• [RECORDS PROVIDED]
········

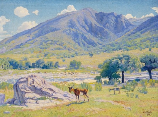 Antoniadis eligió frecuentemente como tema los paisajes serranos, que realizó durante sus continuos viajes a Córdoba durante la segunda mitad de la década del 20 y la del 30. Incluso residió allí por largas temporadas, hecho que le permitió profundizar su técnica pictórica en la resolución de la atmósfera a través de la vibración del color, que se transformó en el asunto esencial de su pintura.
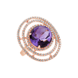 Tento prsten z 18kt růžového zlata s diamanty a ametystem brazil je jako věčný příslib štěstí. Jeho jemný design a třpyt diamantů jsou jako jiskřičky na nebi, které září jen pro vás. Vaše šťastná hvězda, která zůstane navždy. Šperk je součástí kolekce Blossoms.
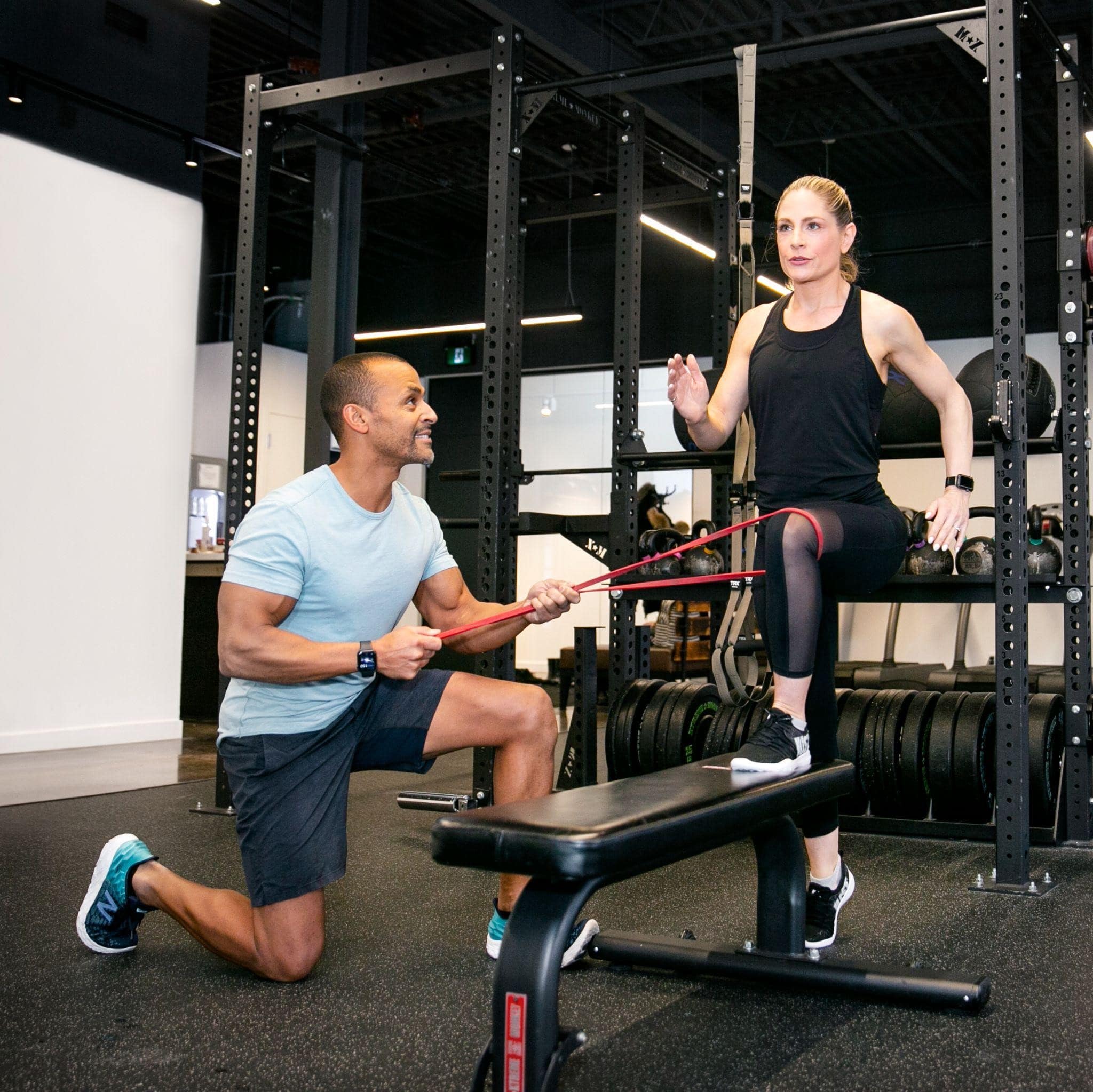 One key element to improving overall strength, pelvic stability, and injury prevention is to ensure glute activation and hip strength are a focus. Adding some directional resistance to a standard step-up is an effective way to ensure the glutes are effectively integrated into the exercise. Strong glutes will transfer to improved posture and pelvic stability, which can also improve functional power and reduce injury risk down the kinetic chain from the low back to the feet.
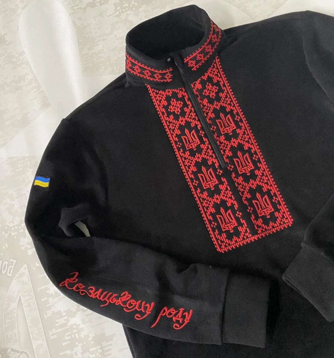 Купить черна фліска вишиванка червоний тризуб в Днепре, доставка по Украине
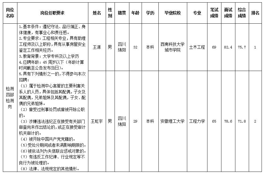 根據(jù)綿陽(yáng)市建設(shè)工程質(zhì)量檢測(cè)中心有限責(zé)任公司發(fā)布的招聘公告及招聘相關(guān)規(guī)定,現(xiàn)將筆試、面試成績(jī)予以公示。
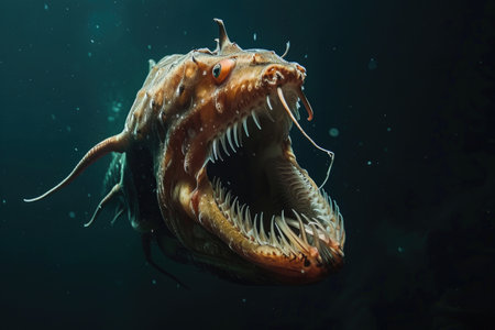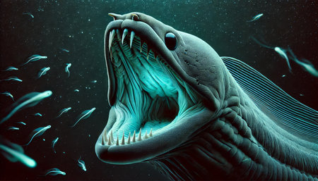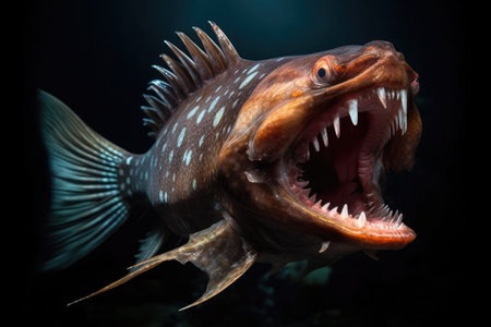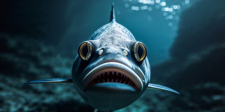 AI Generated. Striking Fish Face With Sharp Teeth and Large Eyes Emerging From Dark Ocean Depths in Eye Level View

········

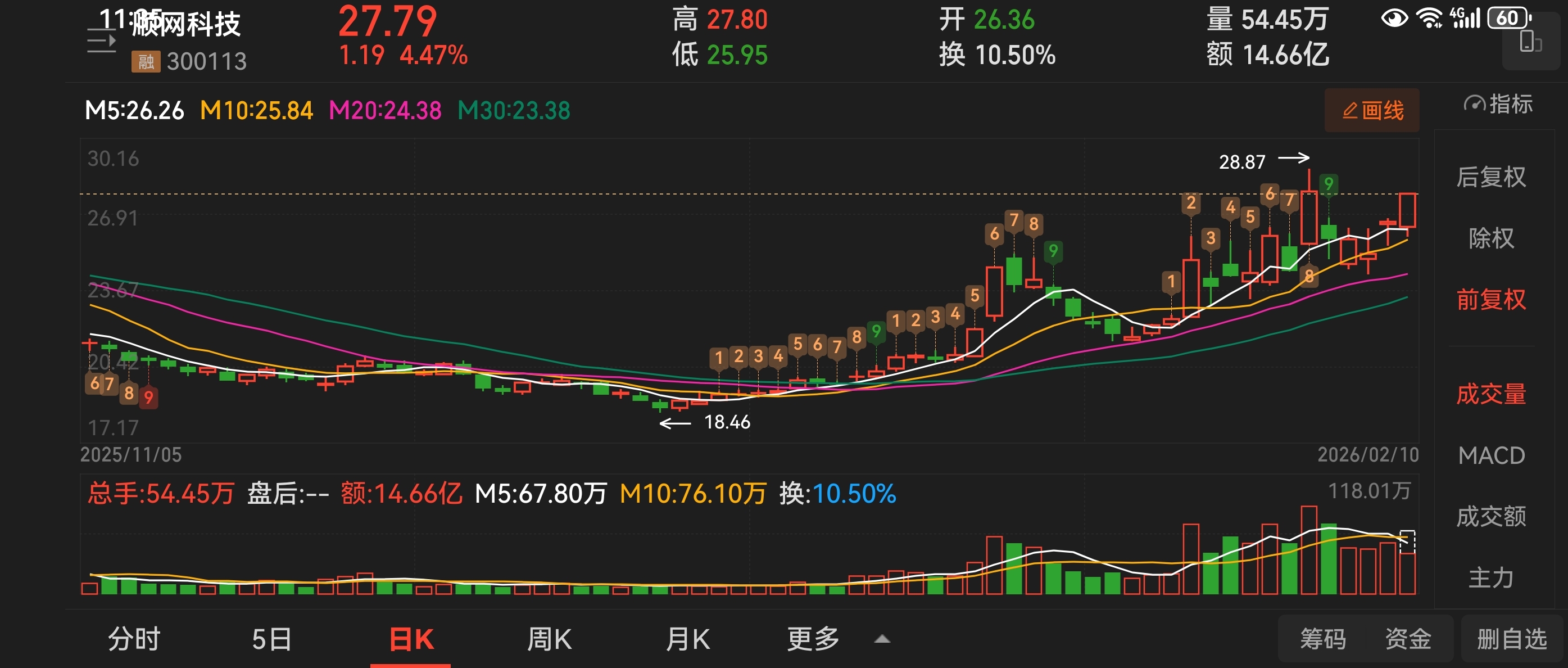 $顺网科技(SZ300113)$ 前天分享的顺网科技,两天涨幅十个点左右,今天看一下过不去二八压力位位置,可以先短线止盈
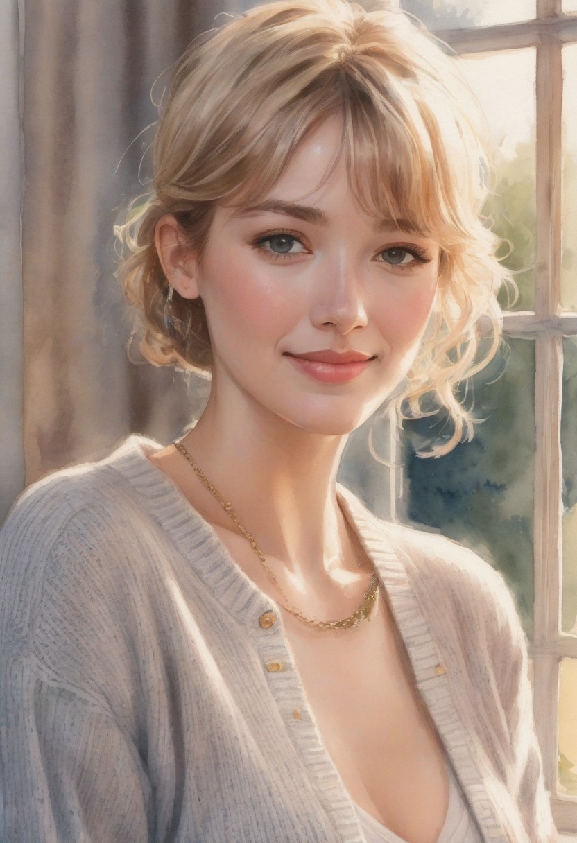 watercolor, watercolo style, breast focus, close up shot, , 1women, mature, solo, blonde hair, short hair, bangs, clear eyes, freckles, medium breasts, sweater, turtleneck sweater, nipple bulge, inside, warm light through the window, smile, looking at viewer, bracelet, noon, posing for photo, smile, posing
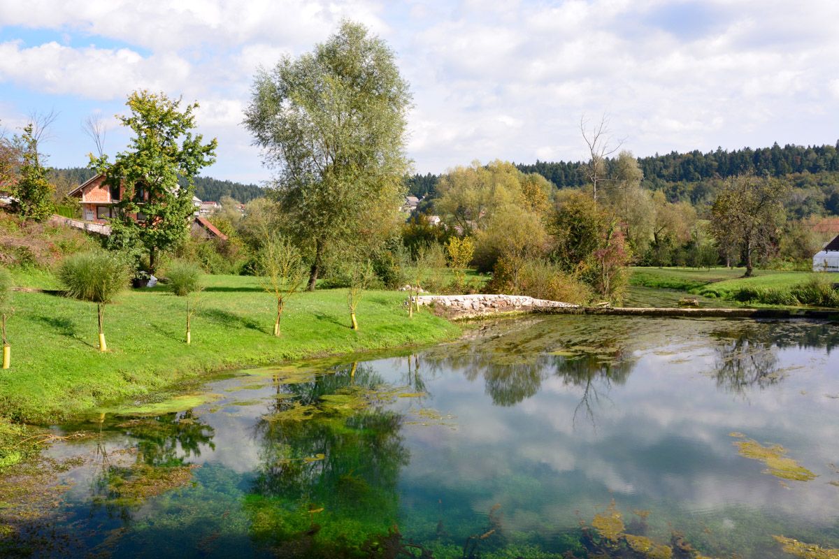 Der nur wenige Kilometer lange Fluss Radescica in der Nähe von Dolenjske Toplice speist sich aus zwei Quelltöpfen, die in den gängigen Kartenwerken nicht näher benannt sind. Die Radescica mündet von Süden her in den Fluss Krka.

········

• [DIRECTIONS]
Output exactly those lines of the data above that run from the line with "Tento prsten z" up to and including the line with "AI Generated. Striking". No pictures go in.

• [TASK OUTPUT]
 Tento prsten z 18kt růžového zlata s diamanty a ametystem brazil je jako věčný příslib štěstí. Jeho jemný design a třpyt diamantů jsou jako jiskřičky na nebi, které září jen pro vás. Vaše šťastná hvězda, která zůstane navždy. Šperk je součástí kolekce Blossoms.
 One key element to improving overall strength, pelvic stability, and injury prevention is to ensure glute activation and hip strength are a focus. Adding some directional resistance to a standard step-up is an effective way to ensure the glutes are effectively integrated into the exercise. Strong glutes will transfer to improved posture and pelvic stability, which can also improve functional power and reduce injury risk down the kinetic chain from the low back to the feet.
 Купить черна фліска вишиванка червоний тризуб в Днепре, доставка по Украине
 根據(jù)綿陽(yáng)市建設(shè)工程質(zhì)量檢測(cè)中心有限責(zé)任公司發(fā)布的招聘公告及招聘相關(guān)規(guī)定,現(xiàn)將筆試、面試成績(jī)予以公示。
 AI Generated. Striking Fish Face With Sharp Teeth and Large Eyes Emerging From Dark Ocean Depths in Eye Level View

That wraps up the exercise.